2. Trace the life of Jacob up to the point before the time he learns that Joseph is still alive. It has been a kind of roller-coaster of danger and blessing, times of fear and then faith. What have been the challenges to his faith that he has faced? In what ways has he grown in faith? In what areas of his life does he still need to grow? What difference has the grace of God made in his life?
3. Can you understand Jacob/Israel’s reluctance to believe his sons with most of their stories and explanations of things? When a person stops telling the truth, he becomes suspect in all his words. What do we learn here regarding words and actions of truth and integrity?
4. Why does God appear to Israel at Beersheba in Genesis 46:2ff? When Abram had gone to Egypt in Genesis 12:10ff because of a famine, that was a problem because of Abram’s deception. Later on in Genesis 26:1, 2, there was another famine, and the Lord had not allowed Isaac to go to Egypt. But now it appears that going to Egypt is okay with God. Why? What might account for the difference?

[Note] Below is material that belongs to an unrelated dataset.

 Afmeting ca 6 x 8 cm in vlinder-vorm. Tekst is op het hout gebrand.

5. Why does the man Jacob become named “Israel” more and more in the story? Could the text be making a subtle and gradual transition to having us think about the nation of Israel? How is the man Jacob giving way to the nation Israel in the progress of redemptive-history?

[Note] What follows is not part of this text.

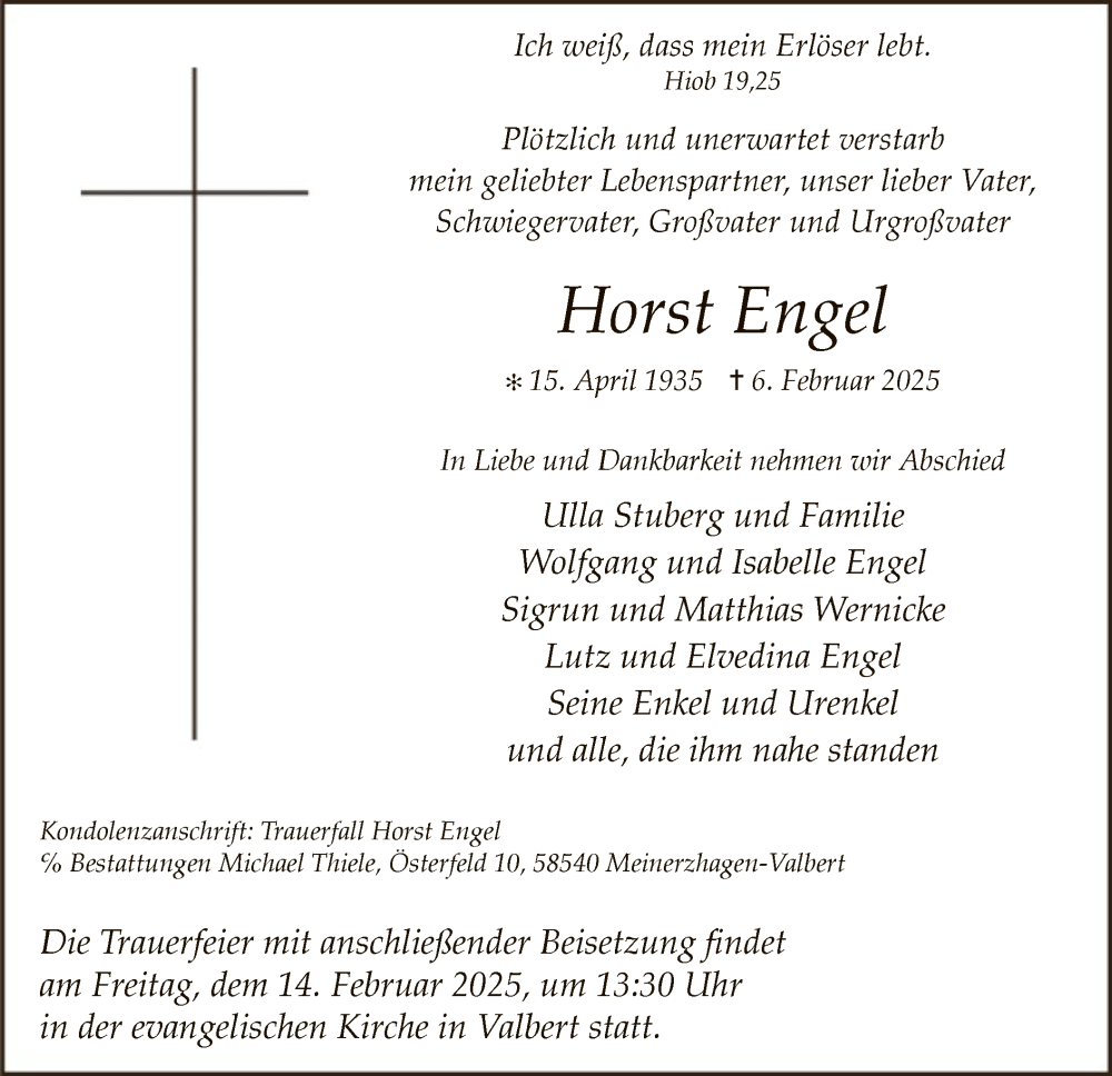 Hier finden Sie alle Traueranzeigen aus der Zeitung, die bisher für Horst Engel erschienen sind. Weitere Traueranzeigen, die in der Zeitung erscheinen, werden hier ebenfalls aufgelistet

6. Settling in Goshen was a physical blessing. But is Goshen a good place to live, a fine choice for this large household? What positive qualities does it hold for Israel? What are the potential dangers for these people in Goshen and Egypt? What happens to church people when they lose their focus on their true and abiding home? How can “the best of this earth” become a snare to Christians?